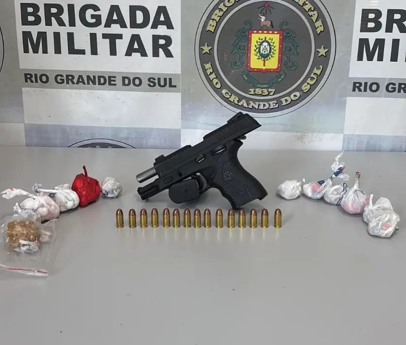 A prisão ocorreu durante patrulhamento de rotina, quando os policiais abordaram um veículo Kia Sorento conduzido pelo suspeito. Na ação, foram apreendidos uma pistola calibre .380 com 15 munições, além de porções de cocaína e crack prontas para a venda.
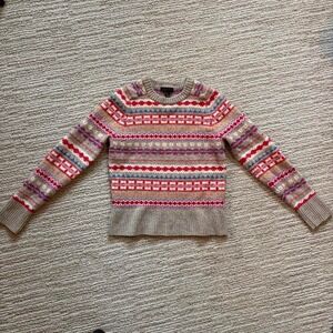 J.Crew multicolor wool fairisle sweater - bright holiday Nordic look, 100% wool from 2016 (can we go back to these fun bright colors??). Marked size medium, but see measurements in photos and close-ups of knit - I believe this was slightly shrunk and slightly felted in the wash and now fits a size small. I think it's beautiful and wearable, but want to be transparent! Sweater has a gray base with red, pink, white, blue, and orange pattern.
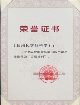 日前,由中國日用化學(xué)工業(yè)研究院主管和主辦,中國日用化學(xué)工業(yè)信息中心編輯出版的《日用化學(xué)品科學(xué)》被國家新聞出版廣電總局推選為“中國百強(qiáng)科技期刊”。
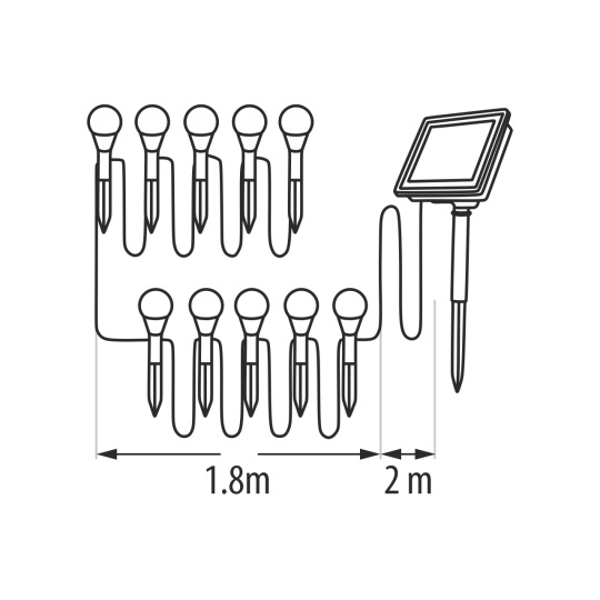 Stylové a úsporné řešení pro osvětlení vaší zahrady, terasy nebo balkónu. LED solární světlo TR-333D se skládá z deseti jednotlivých RGB LED diodových zápichů rozmístěných na kabelu o délce 3,8 metru. Díky solárnímu napájení a možnosti volby režimů svícení je ideální pro venkovní použití bez nutnosti připojení k elektrické síti.

* [Task brief] The expected answer is the whole listing above, copied exactly, with images excluded.

* [Solution below]
 A prisão ocorreu durante patrulhamento de rotina, quando os policiais abordaram um veículo Kia Sorento conduzido pelo suspeito. Na ação, foram apreendidos uma pistola calibre .380 com 15 munições, além de porções de cocaína e crack prontas para a venda.
 J.Crew multicolor wool fairisle sweater - bright holiday Nordic look, 100% wool from 2016 (can we go back to these fun bright colors??). Marked size medium, but see measurements in photos and close-ups of knit - I believe this was slightly shrunk and slightly felted in the wash and now fits a size small. I think it's beautiful and wearable, but want to be transparent! Sweater has a gray base with red, pink, white, blue, and orange pattern.
 日前,由中國日用化學(xué)工業(yè)研究院主管和主辦,中國日用化學(xué)工業(yè)信息中心編輯出版的《日用化學(xué)品科學(xué)》被國家新聞出版廣電總局推選為“中國百強(qiáng)科技期刊”。
 Stylové a úsporné řešení pro osvětlení vaší zahrady, terasy nebo balkónu. LED solární světlo TR-333D se skládá z deseti jednotlivých RGB LED diodových zápichů rozmístěných na kabelu o délce 3,8 metru. Díky solárnímu napájení a možnosti volby režimů svícení je ideální pro venkovní použití bez nutnosti připojení k elektrické síti.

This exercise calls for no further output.